Your assignment - Whatever pictures appear, omit them, and repeat the data below exactly.

Data section -
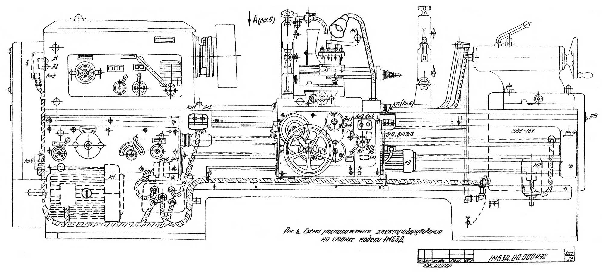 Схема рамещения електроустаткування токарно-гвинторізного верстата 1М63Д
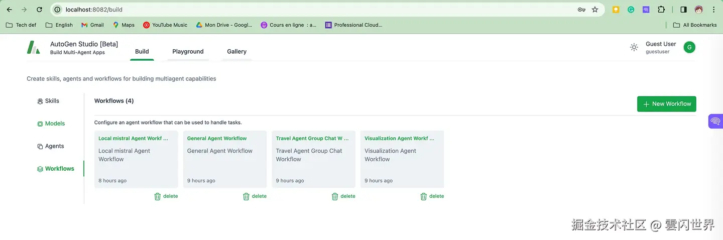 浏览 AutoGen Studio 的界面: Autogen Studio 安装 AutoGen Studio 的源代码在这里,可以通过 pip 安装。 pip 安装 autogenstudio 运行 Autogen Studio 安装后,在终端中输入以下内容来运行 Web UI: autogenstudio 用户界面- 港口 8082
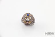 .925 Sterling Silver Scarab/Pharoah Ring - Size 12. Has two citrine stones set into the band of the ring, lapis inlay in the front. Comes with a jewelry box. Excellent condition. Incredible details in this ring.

Answer section -
 Схема рамещения електроустаткування токарно-гвинторізного верстата 1М63Д
 浏览 AutoGen Studio 的界面: Autogen Studio 安装 AutoGen Studio 的源代码在这里,可以通过 pip 安装。 pip 安装 autogenstudio 运行 Autogen Studio 安装后,在终端中输入以下内容来运行 Web UI: autogenstudio 用户界面- 港口 8082
 .925 Sterling Silver Scarab/Pharoah Ring - Size 12. Has two citrine stones set into the band of the ring, lapis inlay in the front. Comes with a jewelry box. Excellent condition. Incredible details in this ring.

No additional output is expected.